• Problem: Each line of the listing, apart from the pictures, is to be printed exactly.

• Records provided:
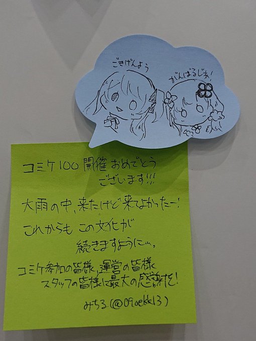 コミケの壁にメッセージ描けるエリアで描きました😃 めちゃめちゃ楽しかったです
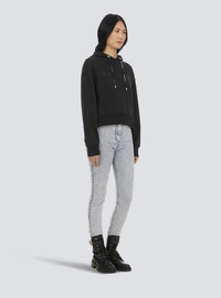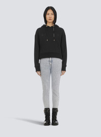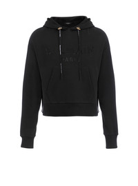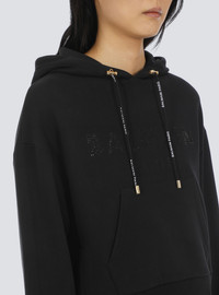 Cropped eco-designed cotton sweatshirt with rhinestone Balmain logo - Long sleeves - Drawstring hood - Ribbing - With black rhinestone Balmain logo - Casual cut - Fits true to size - Select your usual size - The model is wearing FR size 36 - The model's height is 177 cm - Main material: 100% cotton - Made in Portugal - Item: XF1JP000BB03100% of the cotton fibers in this garment come from organic farming and certified
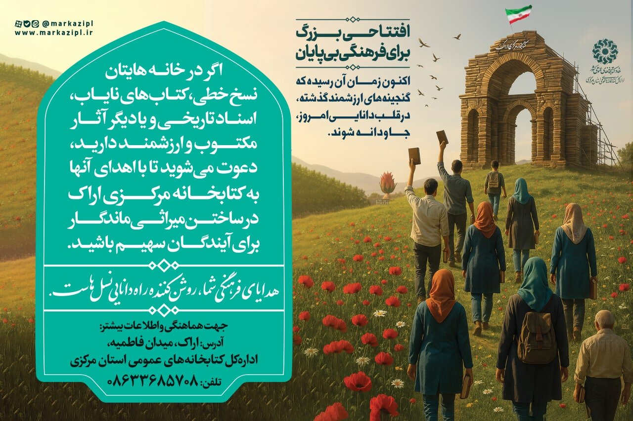 گودرزیزاده با اشاره به اهمیت مشارکت مردمی در شکلگیری هویت این مجموعه فرهنگی، گفت: در همین راستا، اداره کل کتابخانههای عمومی استان مرکزی از همه علاقهمندان به فرهنگ، تاریخ و میراث مکتوب ایران اسلامی دعوت میکند تا در تکمیل گنجینه منابع کتابخانه مرکزی اراک سهیم شوند. نسخ خطی، کتابهای نایاب، اسناد تاریخی، عکسهای ارزشمند و آثار مکتوب خانوادگی میتوانند با نام اهداکنندگان، بخشی از حافظه ماندگار فرهنگی استان شوند.
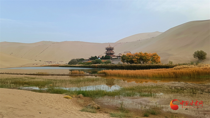 深秋的月牙泉,蘆葦搖曳,秋水伊人。鳴沙山月牙泉又進入到秋水共長天一色的模式,以寧靜、優(yōu)雅迎接著來自全國各地的游客。
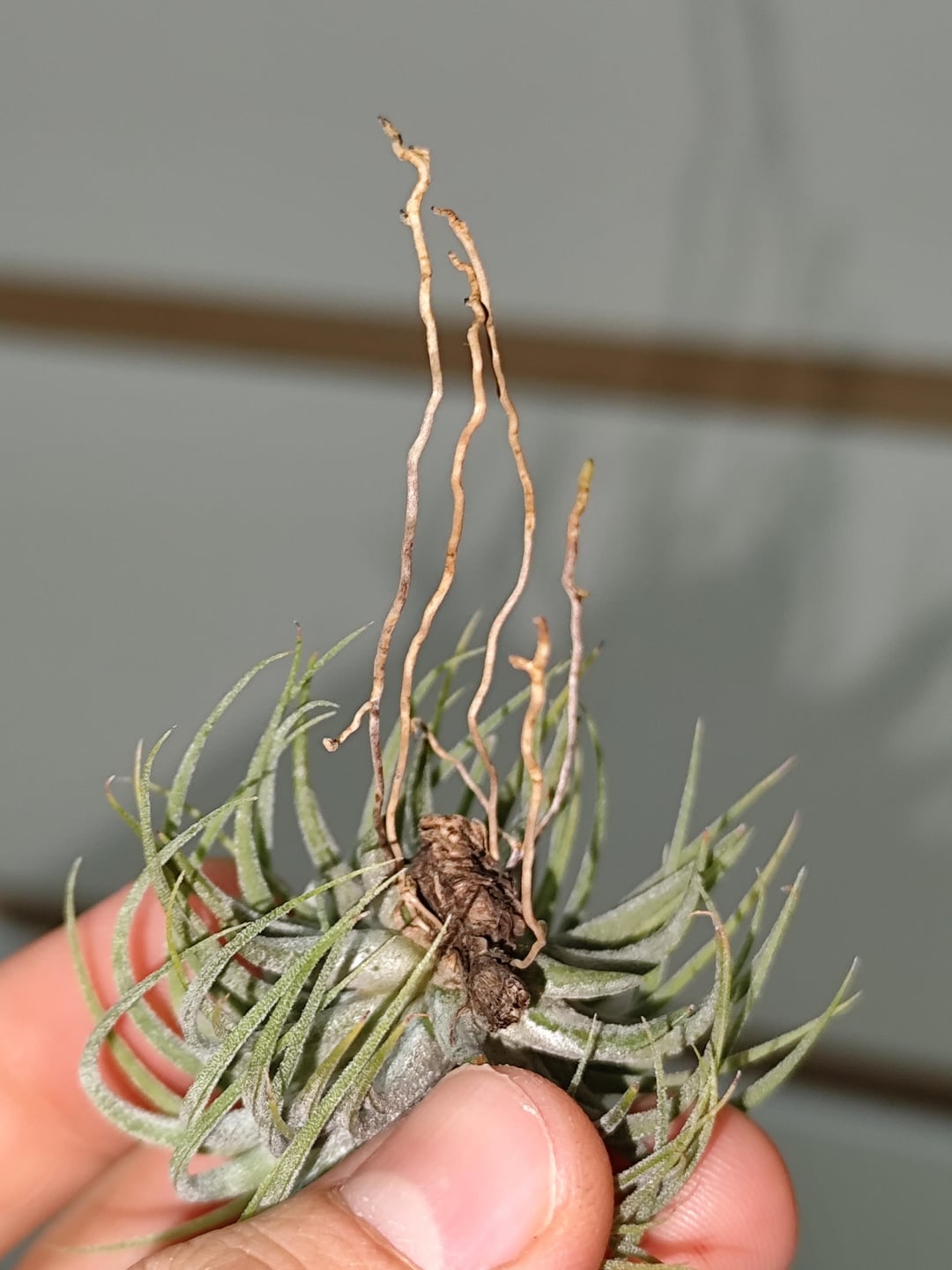 2) deep soaked with diluted liquid bromeliad fertilizer specialized for tillandsia 1 hour once a month.
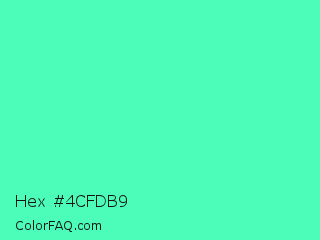 Hex #4cfdb9 Color is a light green color and the nearest color is Turquoise #40e0d0. Hex code #4cfdb9 and RGB value is rgb(76,253,185). In RGB color space, this color is composed of 30% red, 99% green, 73% blue, In CMYK color space, this color is composed of 70% cyan, 0% magenta, 27% yellow , 1% black , In HSL color space, this color has a hue angle of 157° , 98% saturation and 65% lightness.

• Answer below:
 コミケの壁にメッセージ描けるエリアで描きました😃 めちゃめちゃ楽しかったです
 Cropped eco-designed cotton sweatshirt with rhinestone Balmain logo - Long sleeves - Drawstring hood - Ribbing - With black rhinestone Balmain logo - Casual cut - Fits true to size - Select your usual size - The model is wearing FR size 36 - The model's height is 177 cm - Main material: 100% cotton - Made in Portugal - Item: XF1JP000BB03100% of the cotton fibers in this garment come from organic farming and certified
 گودرزیزاده با اشاره به اهمیت مشارکت مردمی در شکلگیری هویت این مجموعه فرهنگی، گفت: در همین راستا، اداره کل کتابخانههای عمومی استان مرکزی از همه علاقهمندان به فرهنگ، تاریخ و میراث مکتوب ایران اسلامی دعوت میکند تا در تکمیل گنجینه منابع کتابخانه مرکزی اراک سهیم شوند. نسخ خطی، کتابهای نایاب، اسناد تاریخی، عکسهای ارزشمند و آثار مکتوب خانوادگی میتوانند با نام اهداکنندگان، بخشی از حافظه ماندگار فرهنگی استان شوند.
 深秋的月牙泉,蘆葦搖曳,秋水伊人。鳴沙山月牙泉又進入到秋水共長天一色的模式,以寧靜、優(yōu)雅迎接著來自全國各地的游客。
 2) deep soaked with diluted liquid bromeliad fertilizer specialized for tillandsia 1 hour once a month.
 Hex #4cfdb9 Color is a light green color and the nearest color is Turquoise #40e0d0. Hex code #4cfdb9 and RGB value is rgb(76,253,185). In RGB color space, this color is composed of 30% red, 99% green, 73% blue, In CMYK color space, this color is composed of 70% cyan, 0% magenta, 27% yellow , 1% black , In HSL color space, this color has a hue angle of 157° , 98% saturation and 65% lightness.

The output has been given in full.